Seja como for, em suma, eu preferiria que Pantera Negra terminasse com pelo menos uma lição mais clara a respeito da importância de T’Challa e da identidade de Wakanda, explicitando e explorando mais os aspectos ideológicos que movem tanto o herói como o vilão. A Marvel, contudo, tem sua fórmula de sucesso pronta, onde toda a profundidade é deixada de lado em benefício de uma ação frenética movida a CGI, entregando uma história rasa, porém visualmente atraente e bem executada. O filme é bom, o elenco maravilhoso, as personagens interessantes e a história é bem contada, contudo superficial demais.

Comentários

  1. Não vi o filme mas achei muito legal sua resenha, Mestre Cavernoso. A superficialidade de fato é uma constante em quase todos esses filmes, sendo preterida em prol da ação. A simplificação das motivações vai a reboque: ao invés de um incômodo cinza, um maniqueísmo que varre o princípio político promissor e descamba para cenas de ação entre caricatos "bonzinho" contra "malvado".

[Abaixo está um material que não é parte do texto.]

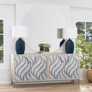 The Miranda Table Lamp features an urn-style base in a rich matte blue finish, adding a bold and vibrant touch to any room. The white drum shade softens the light, creating a warm and welcoming atmosphere. This lamp combines classic design with a modern twist, making it a versatile addition to various decor styles. The Miranda Table Lamp brings both style and functionality, offering a striking yet balanced look for your space.
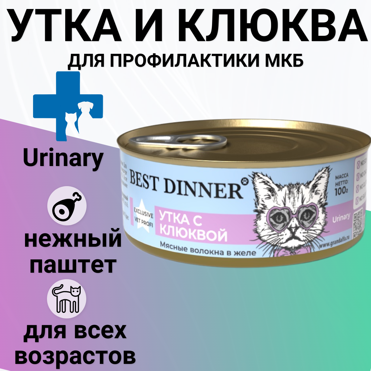 BEST DINNER Vet Profi Exclusive Urinary Корм влаж.утка с клюквой д/кошек конс.100г
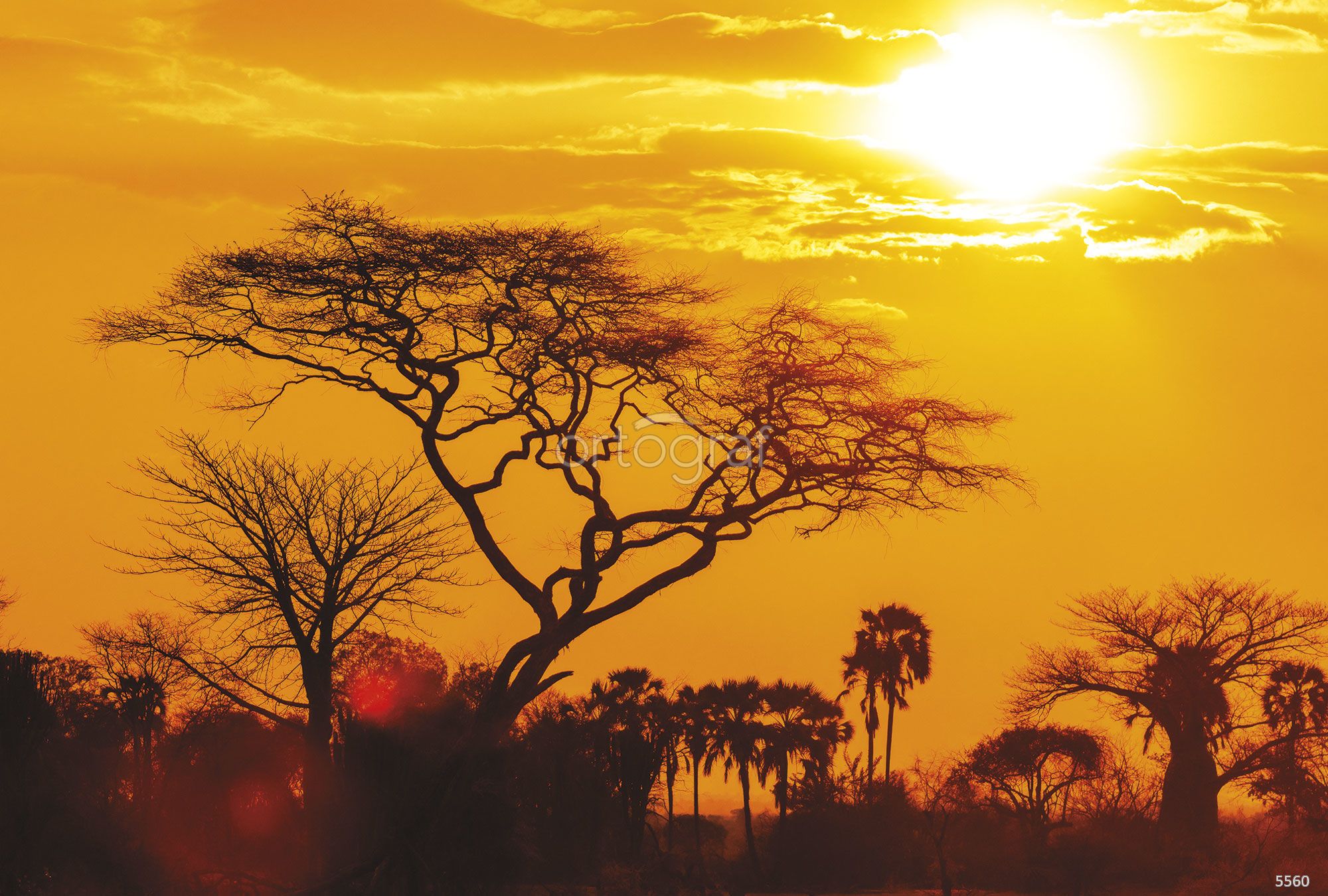 Африканский пейзаж с силуэтами деревьев и закатным солнцем передаёт атмосферу тепла, уюта и экзотики. Такой рисунок добавляет интерьеру яркость и эффект присутствия, хорошо подходит для создания расслабляющей или вдохновляющей атмосферы. Особенно гармонично будет смотреться в пространствах для отдыха или семейных встреч.
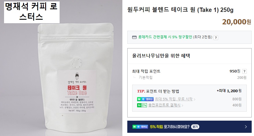 검색해 보니 스마트스토어에 명재석 커피 로스터스로 원두를 판매하고 있네.
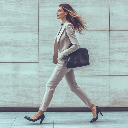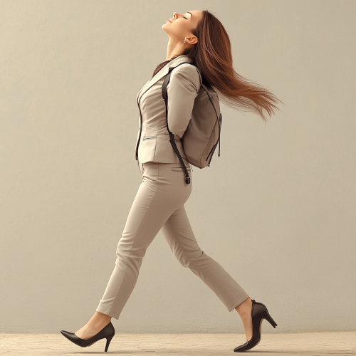 A beautiful fashionable business woman in full growth with a small gobik on her neck is rushing to work, stretching her neck and shoulders forward while walking quickly in a hurry, which leads to deformation of the spine and health problems accumulated over the years.
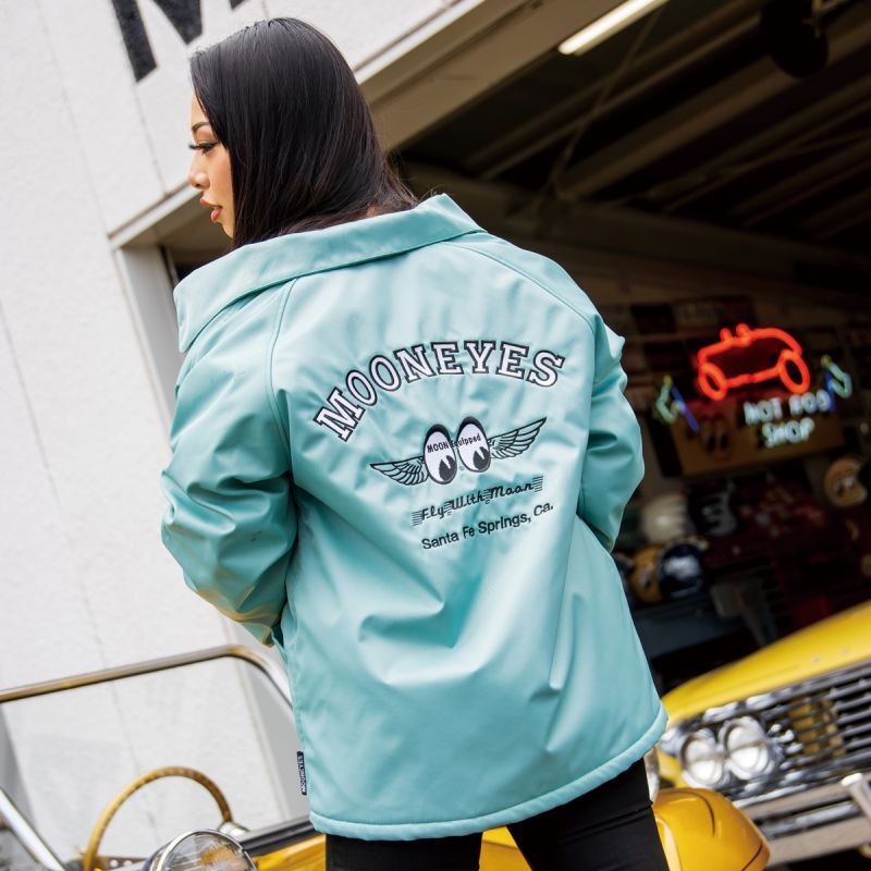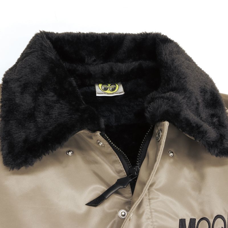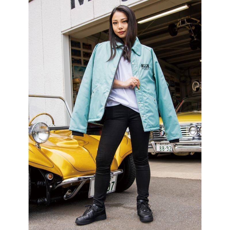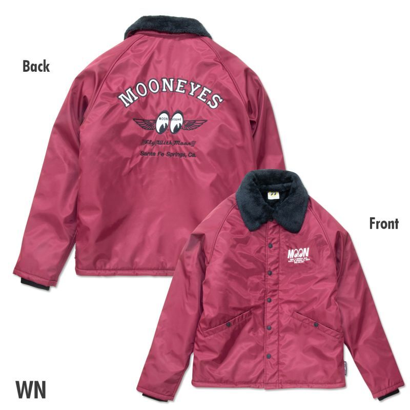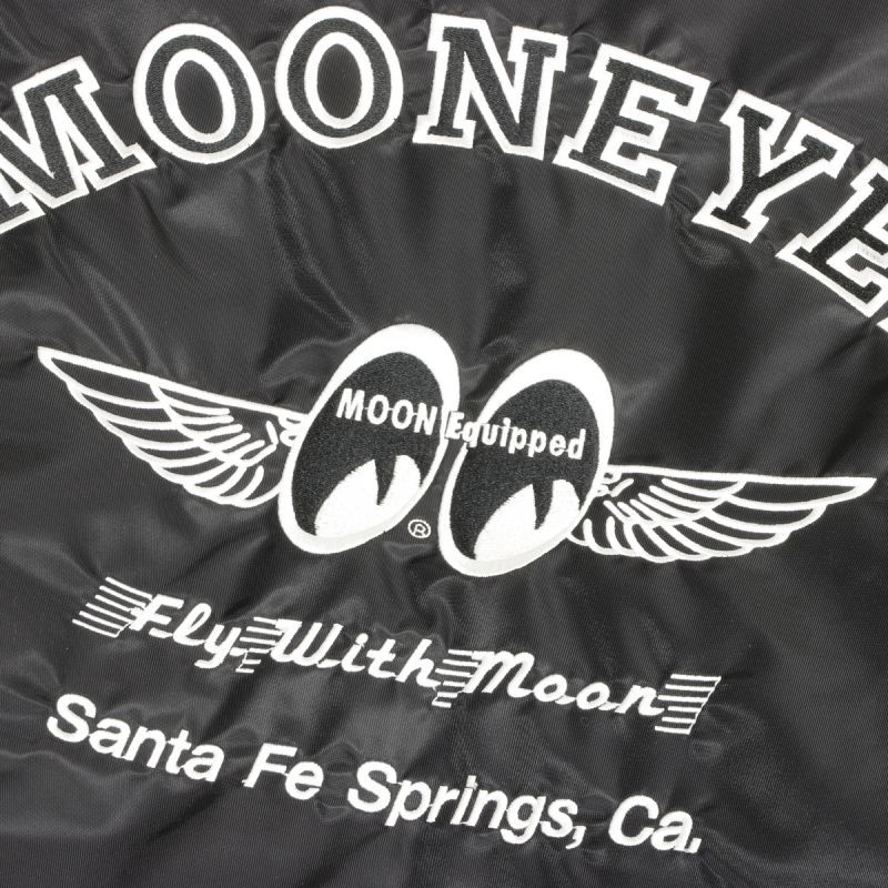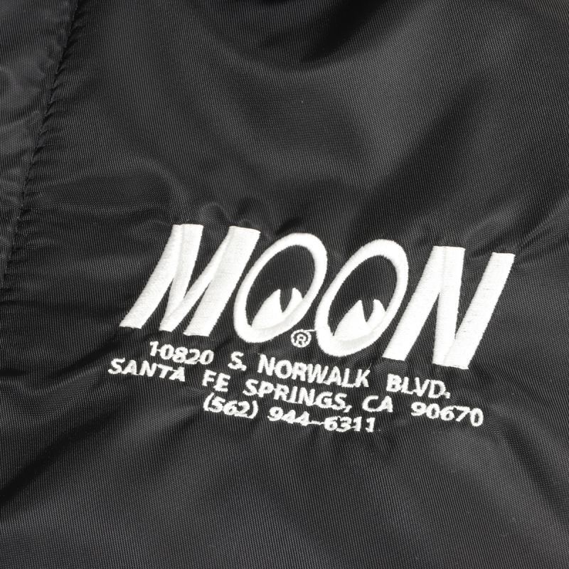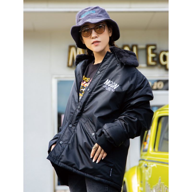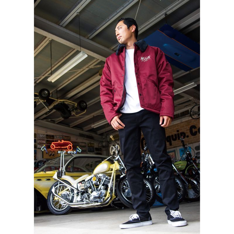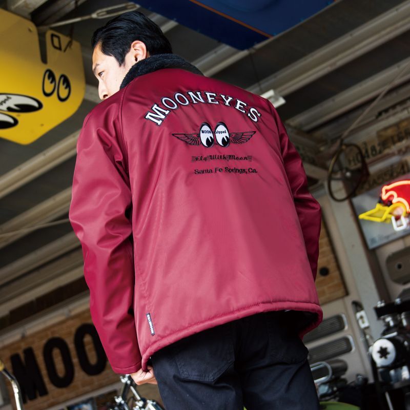 裏地に柔らかなボア素材を使用したボア コーチ ジャケットです。ネック部分にもボアが使用されていて、袖を通した瞬間から暖かさに包まれます。素材は光沢のある ポリエステル生地で、艶のある上品さ見せつつ、風を通しにくく、軽い素材で気軽に羽織れます。フロントはジップの上にバタフライ ボタンが付いた二重構造で、袖もリブ仕様なので、ライディングの際に、防風対策にも優れている本格的なアウターになります。フロントには MOON ロゴ、そしてバックには MOONEYES Fly with MOON とトラディショナルなデザインが刺繍で入ります。ボタンにも MOON ロゴが入っていて、ディテールまでこだわった MOONEYES 仕様です!
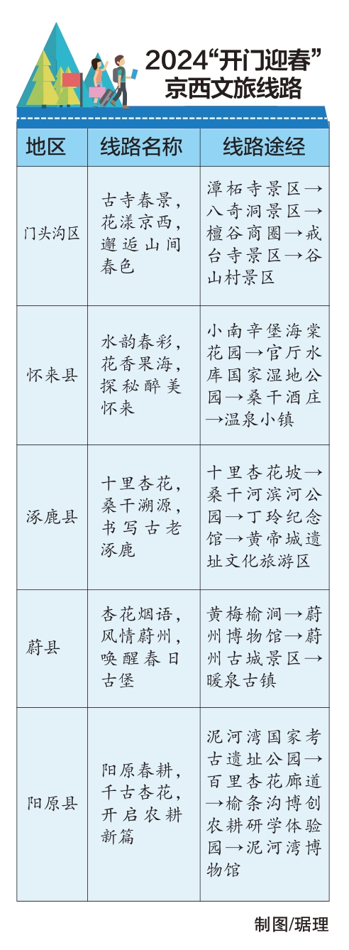 門頭溝區(qū)聯(lián)動(dòng)河北省張家口市懷來縣、涿鹿縣、蔚縣、陽原縣共同發(fā)布“詩畫京西春暉行”五條春游線路,圍繞踏青、賞花、徒步、騎行、露營、微度假等元素展開,為促進(jìn)京津冀消費(fèi)和北京一季度“開門紅”提供助力。
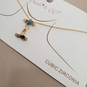 NWT Letter I Zirconia Monogram Gokd Dipped Necklace
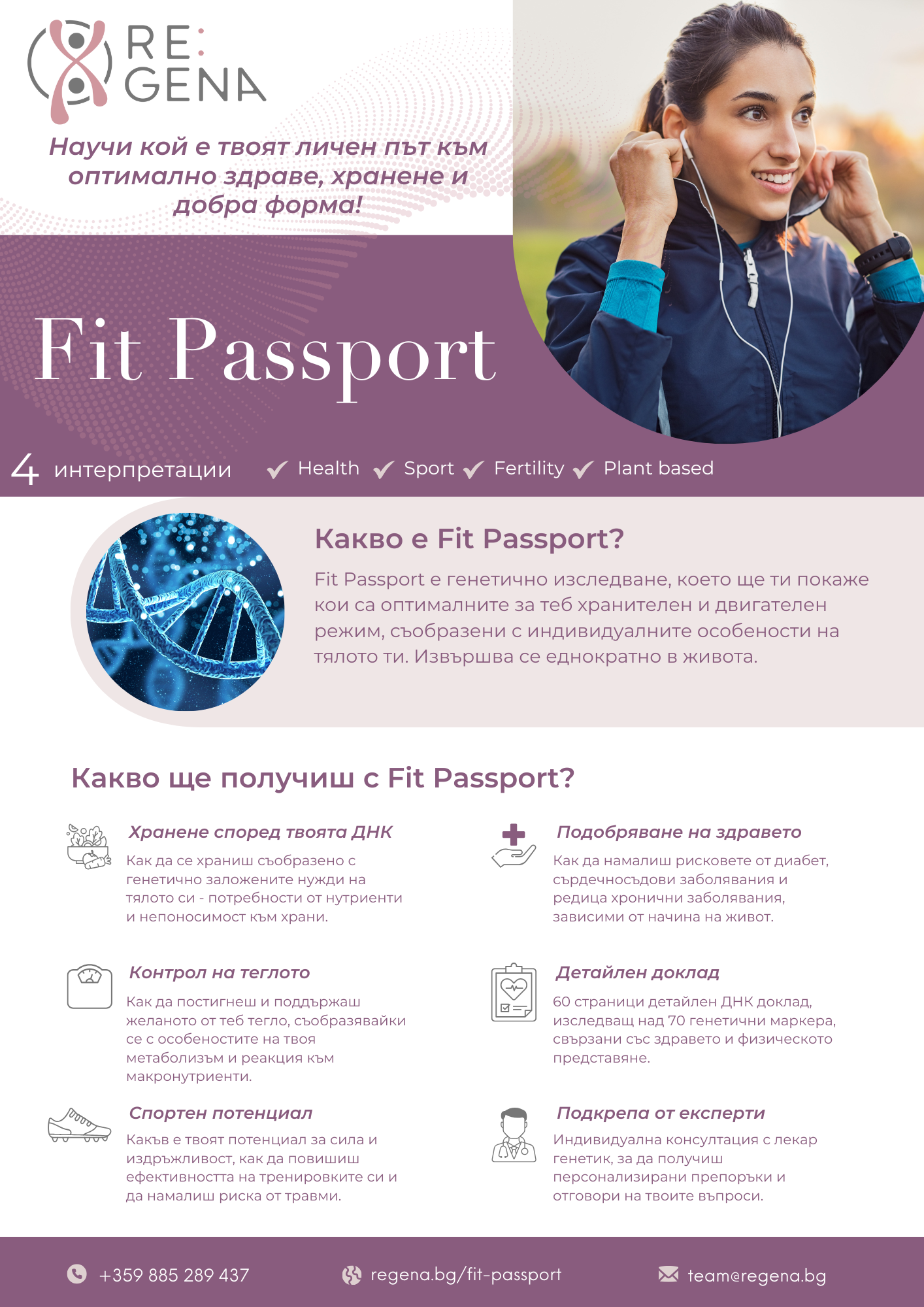 Голямата изненада, която ще зарадва един от посетителите е ДНК пакетът Fit Passport от Re:Gena, който един от посетителите ще спечели. Това е най-пълният и надграден вариант на пакета – включва Health Plus + Hormone Metabolism модули, анализ от лекар генетик, персонални препоръки и едночасова индивидуална консултация.

    Pelo que pude acompanhar na tuittosfera, o filme foi bem recebido tanto pelo movimento negro como pela população em geral, conseguindo criar um enredo palatável a todos baseado na construção de uma história cujos protagonistas são negros e com o cuidado de exaltar uma certa negritude (como vc bem disse, mesmo os detalhes arquitetônicos não foram deixados de lado). Eu acho isso um ponto bastante positivo.

    Fiquei com mais vontade ainda de ver o filme, e pretendo fazê-lo. Particularmente, acho interessante ver como a indústria cinematográfica vai tentar se apropriar e retrabalhar questões sociais que estão em voga na sociedade, e esse filme me parece oferecer pistas nesse sentido.

    Por último: o Martin Freeman tem alguma coisa estranha. Não é que eu não goste dele, mas também fiquei com a impressão de que ele está sempre fazendo o mesmo personagem, a julgar pelas poucas coisas que vi dele. Acho bom o papel dele de Watson em Sherlock, mas o Bilbo tem muito de Watson também, o que dá uma sensação esquisita, como se fosse um "déjà vu".